There’s some confusion surrounding the role of a data scientist. In 2001, William S. Cleveland published “Data Science: An Action Plan for Expanding the Technical Areas of the Field of Statistics.” 1 This paper was the first to merge the fields of statistics and computer science to create a new area of innovation called “data science.” At the same time, Leo Breiman published “Statistical Modeling: which described how statisticians should change their mindset and embrace a more diverse set of tools. These two papers created a foundation for data science, but it built on the field of statistics.
In 2008, some top data gurus from Facebook and LinkedIn got together to discuss their day-to-day challenges. They realized they were doing similar things. They saw their role as a crossover of many different disciplines.
They decided to call this role as a “data scientist.” A data scientist at this time was just a list of qualities. For example:
• Understand data
• Know statistics and math
• Apply machine learning
• Know programming
• Be curious
• to be a great communicator and hacker
They were renaissance enthusiasts who crossed over into many different fields. The problem is that this list of skills is not easily found in one person. Each of us is predisposed to certain areas based on our talents. We usually gravitate toward our talents, and then work to refine our craft. Learn more info at data science course
A statistician will often work to become a better statistician. A business analyst will work to refine his or her communication skills. There is also a lot of organizational pressure to specialize. Most large organizations are divided into functional areas. There’s some need for common understanding, but not always common expertise.

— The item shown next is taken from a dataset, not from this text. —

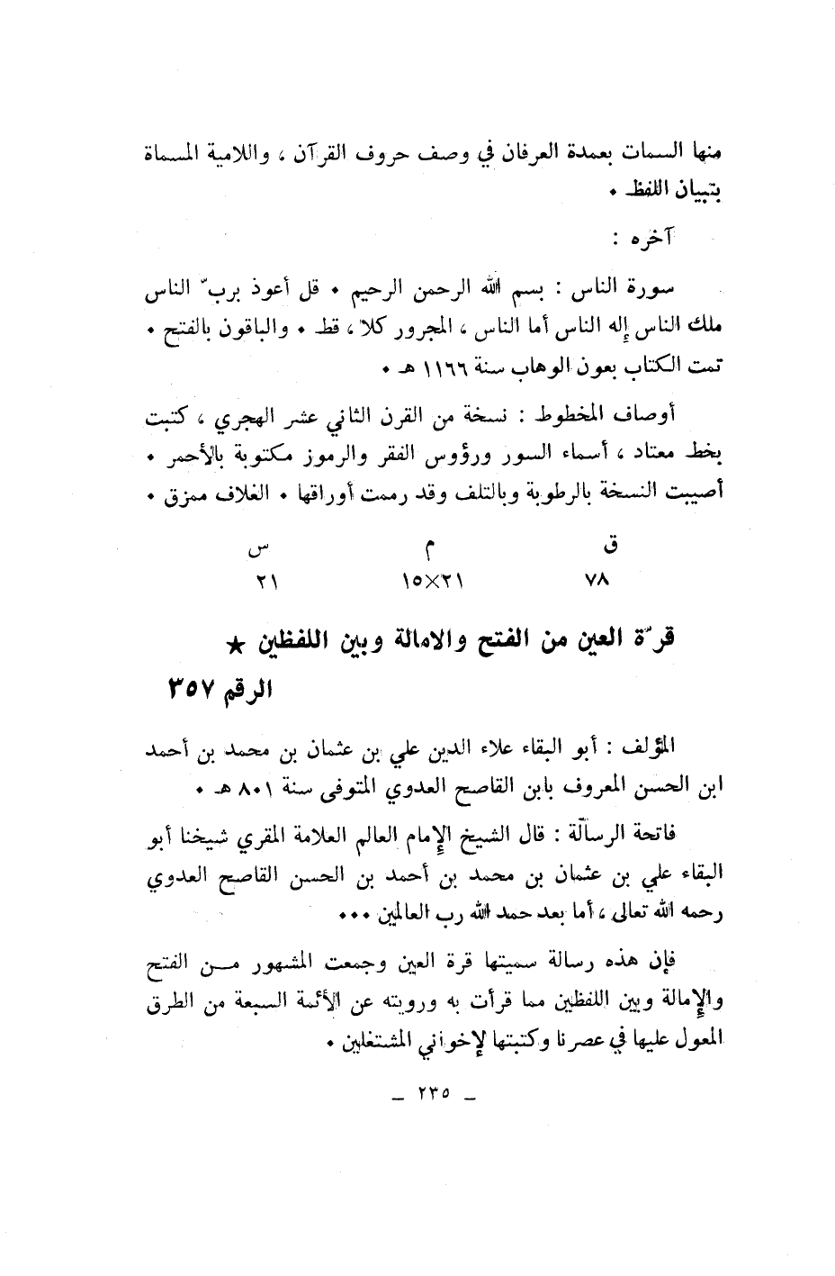 قرّة العين من الفتح والامالة وبين اللفظين* الرقم 357

People are also notoriously bad at self-assessing their abilities. The famous Dunning Kruger study 3 found that people who rated themselves as highly skilled often dramatically overestimated their expertise. A gifted statistician may rate themselves as an excellent communicator, but you don’t need to be a good communicator to be a great statistician. A great statistician could easily have a long career even if he or she fumbles through presentations.
That’s why most organizations divide the work up into teams. Individuals on the team will have their areas of expertise. A cross-functional team doesn’t assume that everyone is an expert. Instead, it encourages individuals to learn from each other’s strengths and cover each other’s weaknesses. A team of data scientists might not be able to identify those weaknesses. The team will blindly fumble if there’s no one to identify blind spots.

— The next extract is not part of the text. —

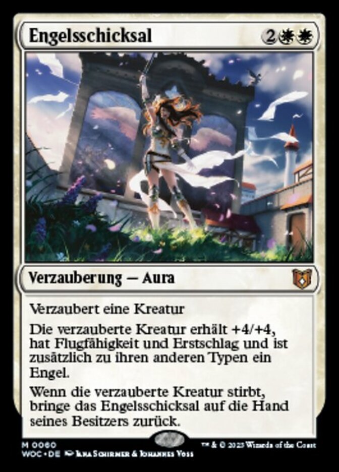 | Rules | Enchant creature Enchanted creature gets +4/+4, has flying and first strike, and is an Angel in addition to its other types. When enchanted creature dies, return Angelic Destiny to its owner's hand. |

I once worked for an organization that had a team of data scientists building out a cluster. There was some concern from the business because the higherups had no idea what the team was building—they were frustrated because they were paying for something they didn’t understand. For more Additional info at data science online training
I went to a few of the meetings. The team of data scientists demonstrated a simple MapReduce job. The business managers stared blankly at the screen and occasionally glanced at their smartphones. To an outsider, it seemed obvious from the yawns and eye rubbing that the team was not doing a great job communicating. After the meeting, I wrote a matrix on the whiteboard. I listed the following six skill sets:
• Machine learning
I asked the data scientists to rate how they felt they were doing in each of these areas from 1 to 10 (1 being poor and 10 being best) so we could look for areas to improve. I took that same list of skill sets and showed it to one of the business analysts. I asked them to rate the team.
Skill Set Data Scientists’ Ratings Business Analysts’ Ratings Data
Development 8 10
Machine learning 7 9
Statistics 8 9
Math 8 10
Communication 9 6
It was a classic Dunning Kruger result. In the places where the data scientists rated themselves as highly skilled, they dramatically overestimated their expertise. The data scientists all came from quantitative fields. They were statisticians, mathematicians, and data analysts. They couldn’t identify their blind spots. It took someone from an entirely different field to shine a light on their challenges.
If you’re part of a large organization trying to get value from data science, it would be a mistake to rely on a few superhero data scientists. Individuals who come from a similar background tend to share the same blind spots. Academic research shows that you often get better insights from a cross-functional team with varied backgrounds.
There is some wisdom in our eclectic organizational structures. People with marketing, business, and management backgrounds deserve their place at the data science table. It’s unrealistic to assume that key people with a quantitative background will have all the same questions and insights. Keep your team varied and you’re more likely to have great results.